The 2nd Division, which is over here in the vicinity of Mosul, was one that was a National Guard or ICDC-type unit that was recruited from the local area and was trained as they operated. So they had a lot more OJT, or on-the-job training. And those four brigades are in a wide range of readiness rates. One of them is -- will be about three or four months from gaining the ability to do independent COIN operations with the support I just talked to you about at the senior leadership level in combat service support. And then the other three we expect to be ready to go by next summer; in June of '06 is the plan right now.
But all of them are fighting, and all of them are participating.
MR. WHITMAN: We've got time for maybe one or two more. Let's go to the back, and then we'll finish up with Joe.
Q General, Jeff Schogol with Stars and Stripes again. Is there an exact number -- an exact figure of how many Iraqi troops we need to train before we can start bringing troops home, U.S. troops home?
GEN. RODRIGUEZ: There's not an exact number, because it depends on multiple things. One is the insurgency and the strength of that insurgency and what we've been able to do to decrease that effectiveness.
The second thing is the combination of all the Iraqi security forces and of course the impact that the political process has on the insurgency and the growth of the Iraqi state.
So this is a constantly assessed situation, and I think it's been very, very clear that we'll come home as soon as we can, but not too soon.
MR. WHITMAN: (Off mike.)
Q Thank you. General, Joe Tabet with Al Hurra again. In your area, are you using any technology, like robot, to face IEDs and roadside bombs?
GEN. RODRIGUEZ: Yes, we have robots. We have electronic countermeasure devices. We have Buffalos that have long arms that have -- provide the stand-off. So we're using a combination of many, many technologies, as well as equipment, to include dog -- dog teams is another component of this process.

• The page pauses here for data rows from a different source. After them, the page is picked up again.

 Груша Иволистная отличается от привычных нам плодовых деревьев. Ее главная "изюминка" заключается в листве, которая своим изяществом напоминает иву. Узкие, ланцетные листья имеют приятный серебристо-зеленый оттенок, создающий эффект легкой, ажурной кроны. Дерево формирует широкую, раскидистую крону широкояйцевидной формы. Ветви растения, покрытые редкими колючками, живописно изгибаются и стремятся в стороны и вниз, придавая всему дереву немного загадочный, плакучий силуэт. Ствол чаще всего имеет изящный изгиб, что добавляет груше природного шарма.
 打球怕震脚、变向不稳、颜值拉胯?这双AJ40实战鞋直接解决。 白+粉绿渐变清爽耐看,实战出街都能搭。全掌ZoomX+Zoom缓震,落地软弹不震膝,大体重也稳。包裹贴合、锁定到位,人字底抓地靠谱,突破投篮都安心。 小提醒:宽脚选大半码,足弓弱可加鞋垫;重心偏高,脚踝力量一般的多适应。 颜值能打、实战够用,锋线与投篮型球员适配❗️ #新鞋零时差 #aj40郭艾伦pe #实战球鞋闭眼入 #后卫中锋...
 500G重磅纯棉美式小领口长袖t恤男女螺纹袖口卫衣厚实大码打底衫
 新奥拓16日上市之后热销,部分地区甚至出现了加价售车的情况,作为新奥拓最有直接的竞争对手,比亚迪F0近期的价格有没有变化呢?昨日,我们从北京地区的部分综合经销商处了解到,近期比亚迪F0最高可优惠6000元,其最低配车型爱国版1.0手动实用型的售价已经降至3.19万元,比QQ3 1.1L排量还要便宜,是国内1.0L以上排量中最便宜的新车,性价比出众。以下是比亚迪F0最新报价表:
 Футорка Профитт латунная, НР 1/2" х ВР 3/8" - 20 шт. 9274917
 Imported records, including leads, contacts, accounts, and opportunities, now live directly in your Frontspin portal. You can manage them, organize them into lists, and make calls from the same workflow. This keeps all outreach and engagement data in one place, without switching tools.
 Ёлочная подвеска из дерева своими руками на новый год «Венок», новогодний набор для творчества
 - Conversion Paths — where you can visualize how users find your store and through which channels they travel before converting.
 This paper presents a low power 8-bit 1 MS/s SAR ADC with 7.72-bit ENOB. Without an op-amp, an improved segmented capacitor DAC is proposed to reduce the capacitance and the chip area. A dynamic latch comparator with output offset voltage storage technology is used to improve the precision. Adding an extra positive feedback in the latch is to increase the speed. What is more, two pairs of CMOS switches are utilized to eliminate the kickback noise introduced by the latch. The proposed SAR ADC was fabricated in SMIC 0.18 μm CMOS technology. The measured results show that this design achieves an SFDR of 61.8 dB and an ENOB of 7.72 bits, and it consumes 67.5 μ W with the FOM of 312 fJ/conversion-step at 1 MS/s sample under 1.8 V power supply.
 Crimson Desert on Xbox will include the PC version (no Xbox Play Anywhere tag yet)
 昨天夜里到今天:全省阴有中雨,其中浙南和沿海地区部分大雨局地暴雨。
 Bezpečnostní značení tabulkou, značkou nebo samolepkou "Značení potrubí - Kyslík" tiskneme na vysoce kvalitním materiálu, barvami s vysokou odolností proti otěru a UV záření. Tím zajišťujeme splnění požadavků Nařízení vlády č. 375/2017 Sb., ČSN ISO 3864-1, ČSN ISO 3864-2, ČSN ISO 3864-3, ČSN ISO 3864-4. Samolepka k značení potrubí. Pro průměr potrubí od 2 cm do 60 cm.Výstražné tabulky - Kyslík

But like you said, it's a combination of technology. It's a combination of tactics, techniques and procedures. It's a combination of intelligence. So it's a -- as I said, we take this threat very seriously and are combining every effort we can to reduce the threat to our soldiers.
MR. WHITMAN: Well, General Rodriguez, we've reached the end of our time here. We just want to thank you for taking the time late in your day to spend it with us. And we hope that we'll see you again in another few weeks.
GEN. RODRIGUEZ: Okay. Thank you very much.